Live from the Denver Press Club with Rob Scoggins Jr – “Topic of Conversation”
On the night of January 6, 2016, Kevin Baranowski, founder of the Luca John Foundation, and Janet Dybek, the State Director for Colorado’s operations, interviewed with the Denver Press Club. The following is a summary of the event and includes a full recording of the podcast.
The show opens up with Rob Scoggins Jr. of the Denver Press Club introducing Kevin Baranowski, the founder of The Luca John Foundation. We are briefly taken through the Baranowski’s early years in establishing the foundation, and the good work Kevin, his wife Nickie, and his team have been able to accomplish over the decade since opening its doors. Though its focus remains in North America, the Luca John Foundation has received international acclaim and vocal support from many influential religious figures and political weight-lifters such as Pope Benedict, Charles Philip Arthur George (Prince of Wales), and Malcolm Turnbull (Prime Minster of Australia).

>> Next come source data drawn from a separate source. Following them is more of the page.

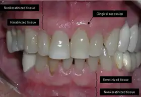 Exposure of the tooth root due to loss of keratinized tissue around the neck of a tooth is referred to as gingival recession. This can result in sensitivity or pain from the exposed tooth root surface (dentin is more permeable and soft compared to enamel and dentin is what makes up the tooth root).[7] Recession may also cause an unasthetic appearance especially if located in the anterior dentition (front teeth). While not all cases of gingival recession require surgical correction, there are various options if that is what the patient desires.[8] It should be reinforced that recession left untreated will not result in tooth loss, contrary to popular belief. Also, recession that is left untreated can be maintained and the inflammation kept at bay with proper brushing and oral hygiene technique.[5] On the other hand, if one desires to pursue corrective therapy, there are a wide variety of techniques ranging from autograft (your own tissue, usually taken from the palate), allograft (someone else's tissue, cadaver), xenograft (animal, usually porcine or bovine) or simply repositioning of the tissue native to the site.[9] The benefits of corrective therapy often result in decreased sensitivity through coverage of the root surface in addition to a gain in the keratinized tissue mentioned beforehand.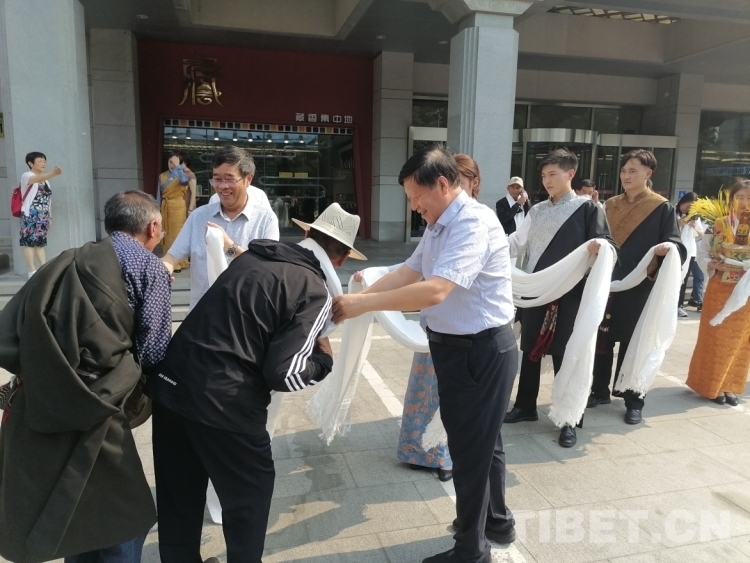 圖為北京建藏援藏工作者協(xié)會相關(guān)負(fù)責(zé)人為西藏村居兩委基層干部赴京考察學(xué)習(xí)團(tuán)獻(xiàn)上哈達(dá) 攝影:王茜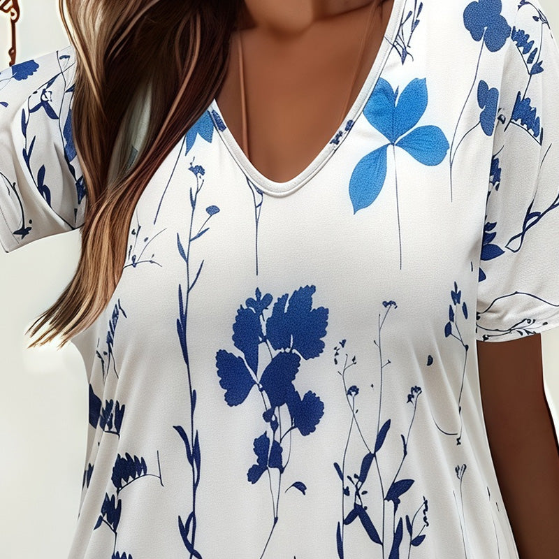 Avslappnat blommigt tryck för kvinnor med korta ärmar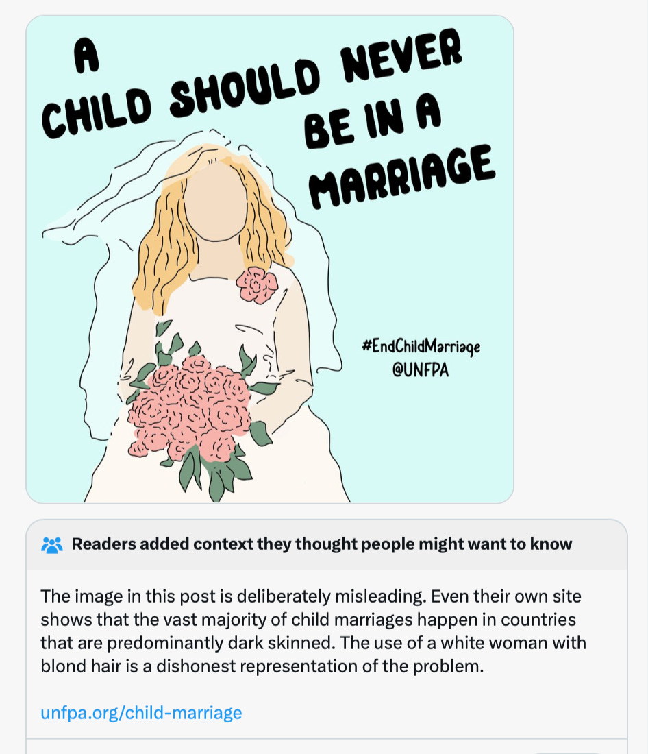 “Even their own site shows that the vast majority of child marriages happen in countries that are predominantly dark skinned. The use of a white woman with blond hair is a dishonest representation of the problem.”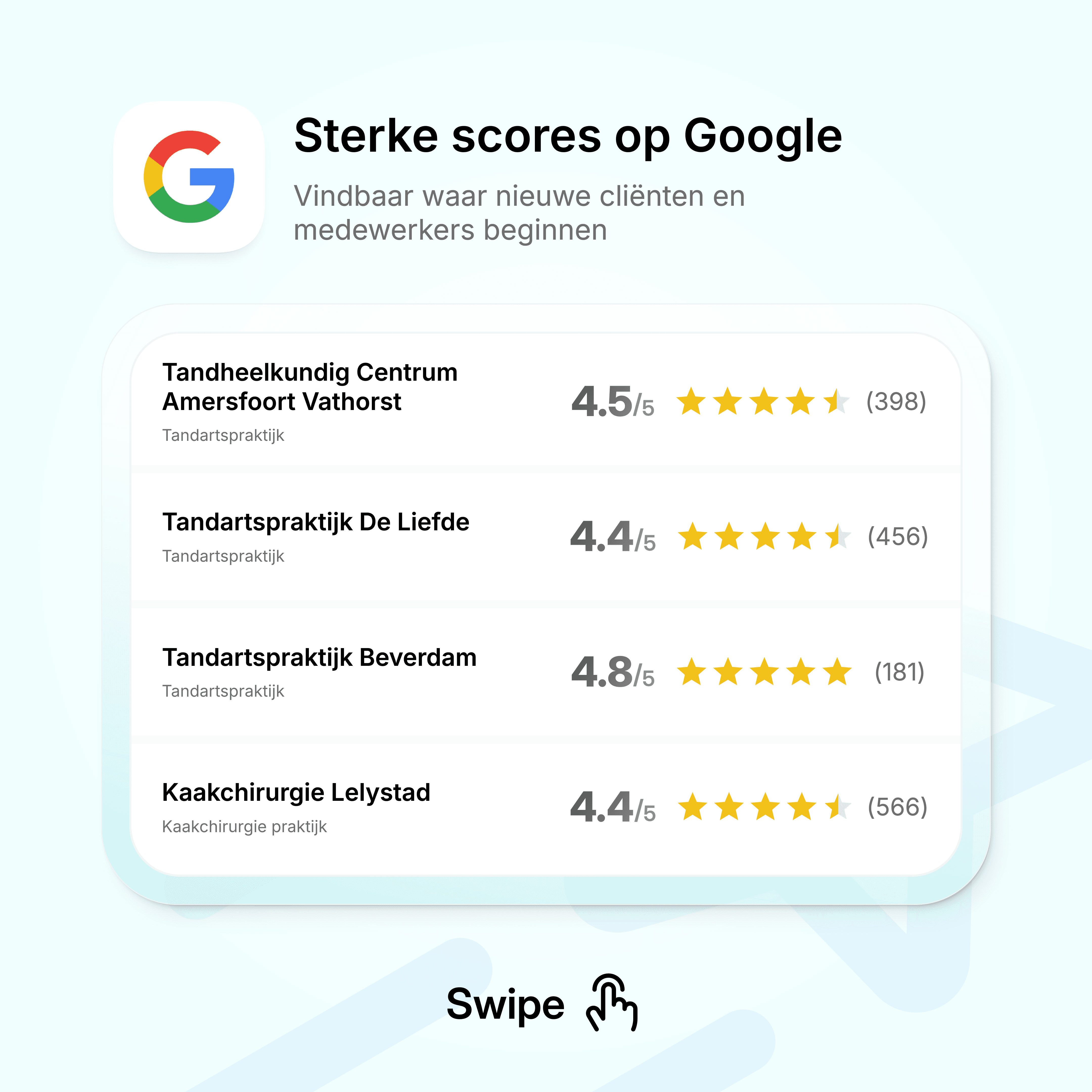 Meer reviews geven jouw praktijk een directe boost in Google.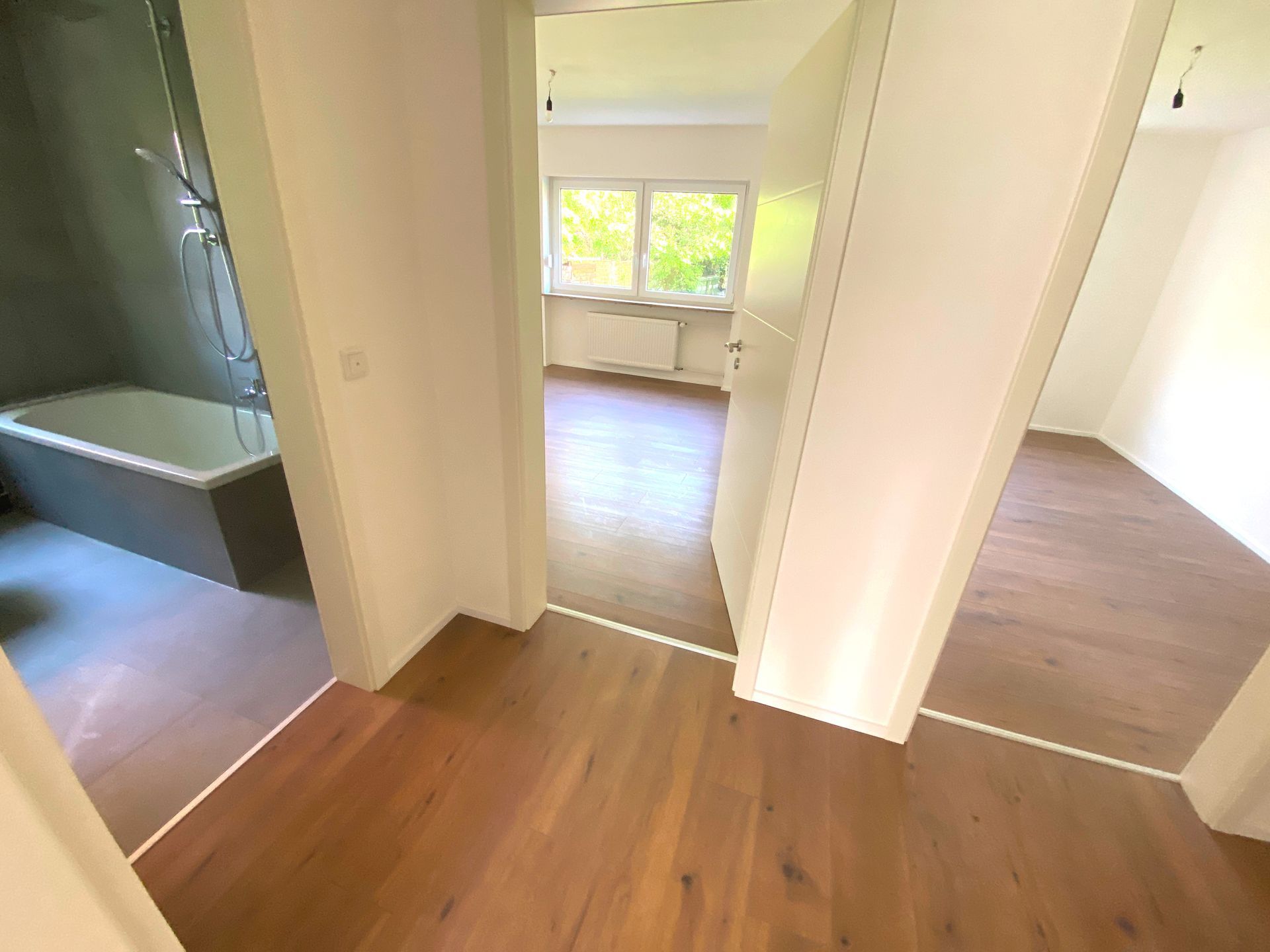 - Frisch verputzte (Q4) und weiß gestrichene Wände und Decken in der gesamten Wohnung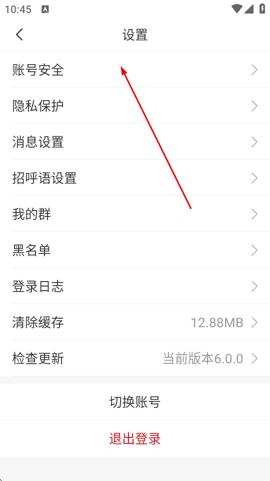 3、在設(shè)置頁面,點擊賬號安全選項。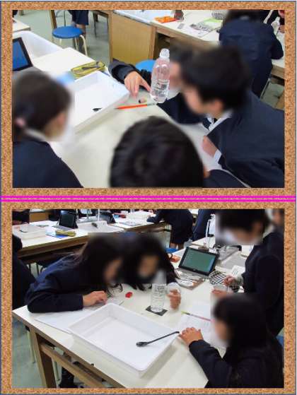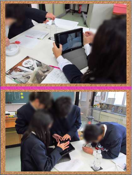 今回は班に1台ずつタブレットパソコンを使っていました。食塩が水に溶ける様子を写真に撮ります。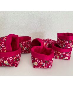 - Utensilos: BW Stoffkörbchen. Beidseitig benutzbar innen uni rot, aussen rot mit Blumenprint, Höhe/Druchmesser 10x12cm, Boden8x10cm.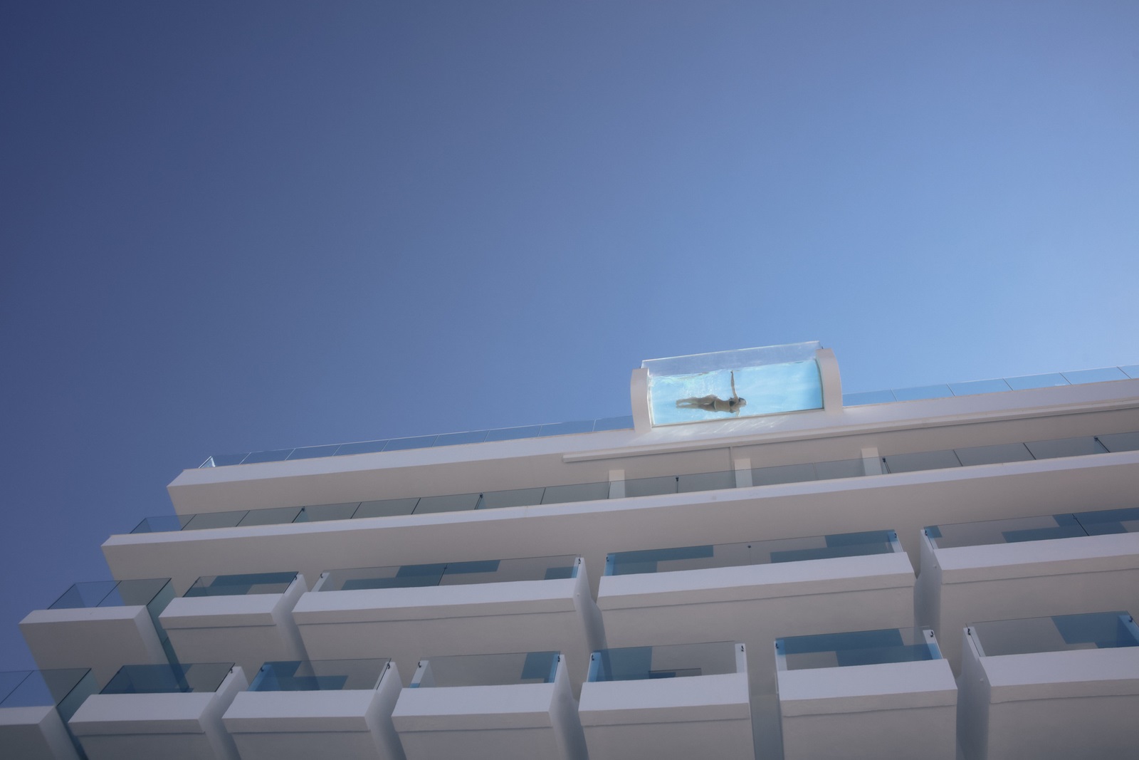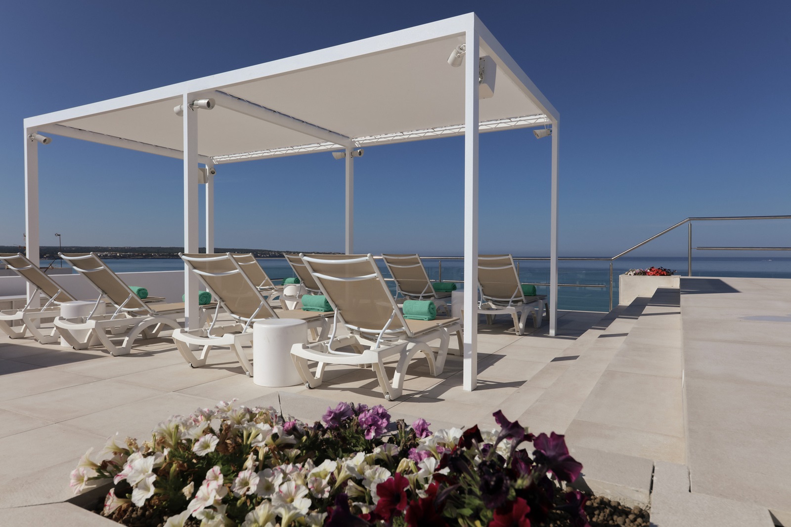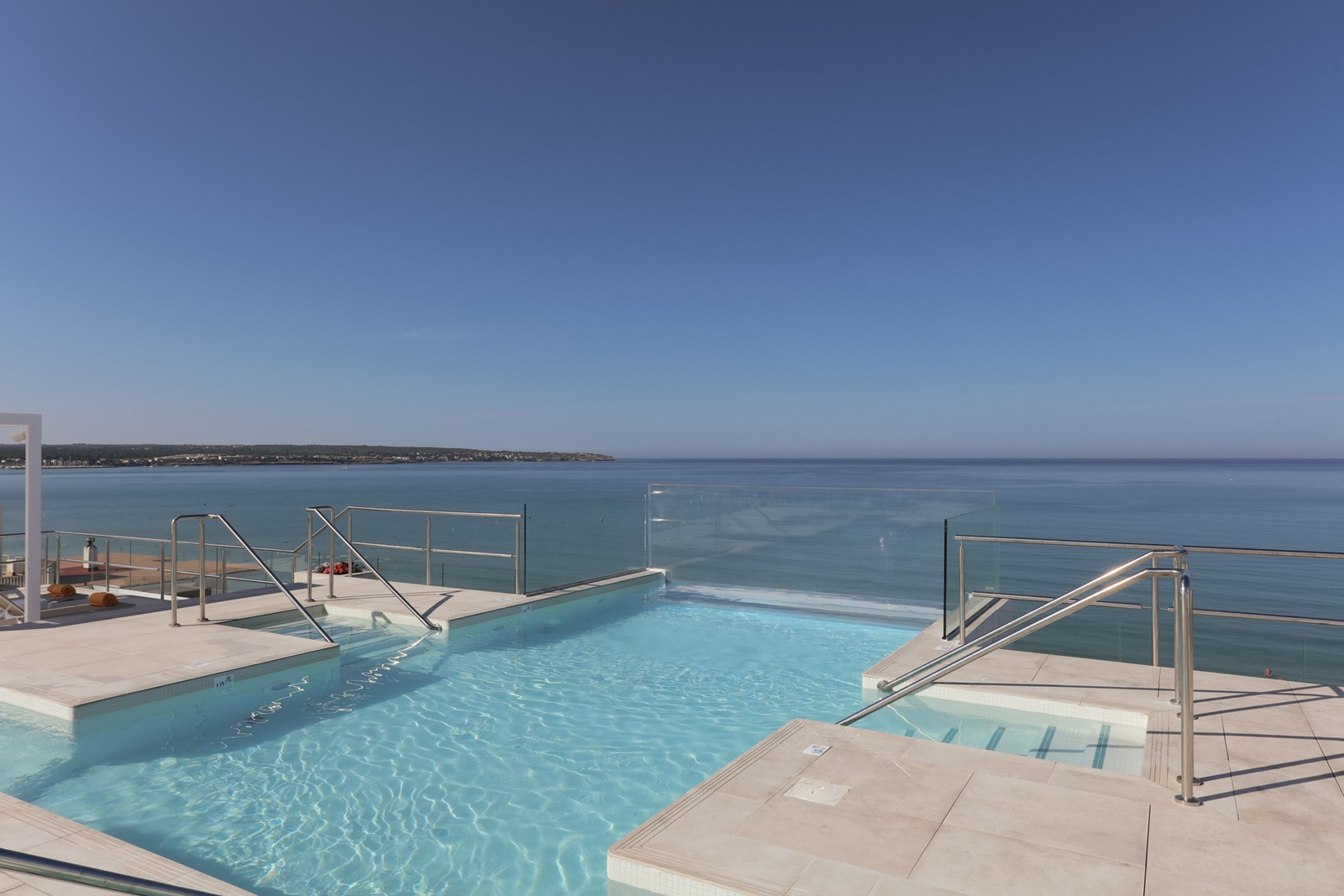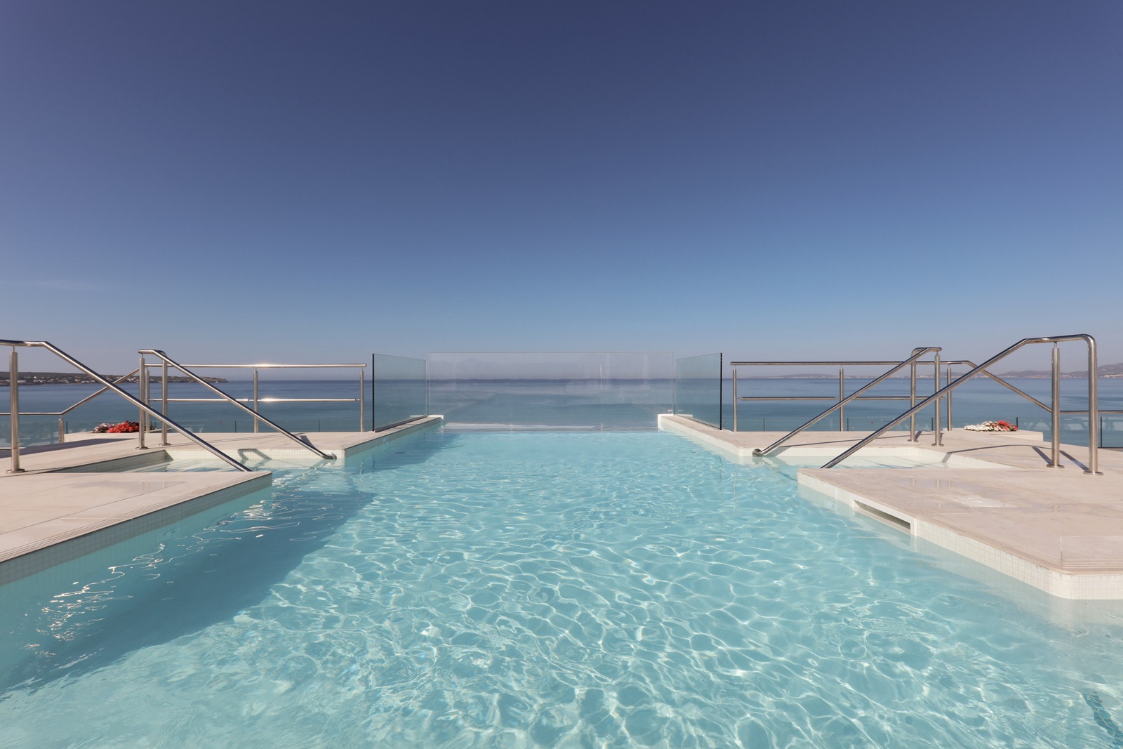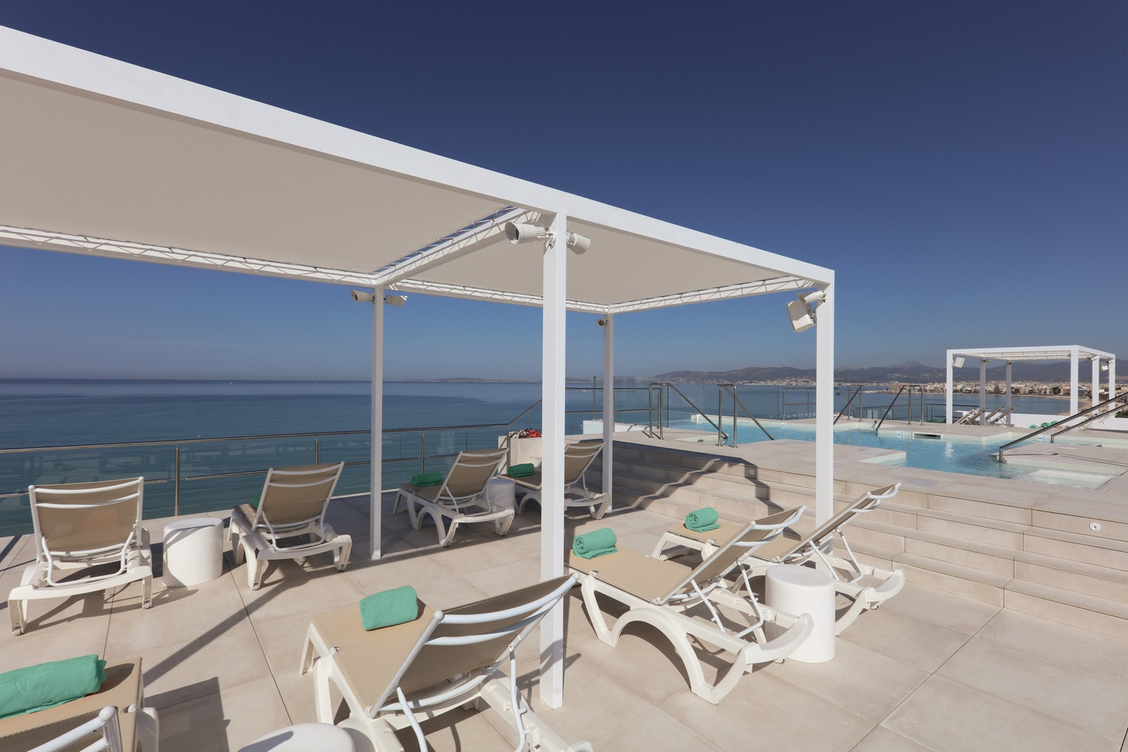 terrasse sur le toit avec piscine infinity d'eau de mer

Kevin explains how the foundation’s mission is twofold. One avenue is providing a support network and funding for organizations that help increase survivability and the quality of life for children diagnosed with skeletal dysplasia. The second part is offering counseling and bereavement assistance to those families who have lost a child up to one year of age.
At 23 weeks, after countless hours of research and many sleepless nights, Kevin and Nickie were faced with one of the most difficult choices, go to term or end the pregnancy. If carried to term, the stress of the pregnancy could cause catastrophic health problems like preeclampsia and possible cardiac arrest. So, with heavy hearts, the Baranowski’s decided to proceed with an early induction. Little Luca lived only 90 minutes, but in that short time, he was showered with a lifetime of love. It was then that Luca’s life inspired a legacy and shaped a new mission to light the way for other families affected by Skeletal Dysplasia.
Digging deeper into the details of their son’s disorder, Kevin explains that skeletal dysplasia is not just dwarfism. There are over 300 different types of skeletal dysplasia, almost all of them fatal, and, because of the relative rarity of skeletal dysplasia, scientists have studied less than 10% of them. In fact, Luca John’s diagnosis was so rare, he was only the 31st known case in the United States. Due to this void in the information chain, many families are left feeling helpless and largely without answers in the face of a very frightening diagnosis. When Luca John, was diagnosed with skeletal dysplasia in 2006, Kevin and Nickie were one of these families.
Since then, there has been slow advancements in research concerning this condition, specifically in California. There is now a “Luca” gene of the specific dysplasia which Luca had, but to this day there is no genetic testing available for most forms of dysplasia. This imperative is the reasoning behind the foundation’s secondary mission, to support research and provide medical grants. Kevin is happy to report that many doctors have begun to reach out directly to the foundation, looking for such assistance.
In addition to the medical research which is being funded by the foundation, the primary purpose is to provide counseling and bereavement assistance to families in need. The Luca John Foundation is currently the only national foundation that offers monetary assistance. Kevin shares that the foundation has helped over 200 families in over 30 states with bereavement assistance, and in their tenth year of operation, Kevin can’t imagine slowing down.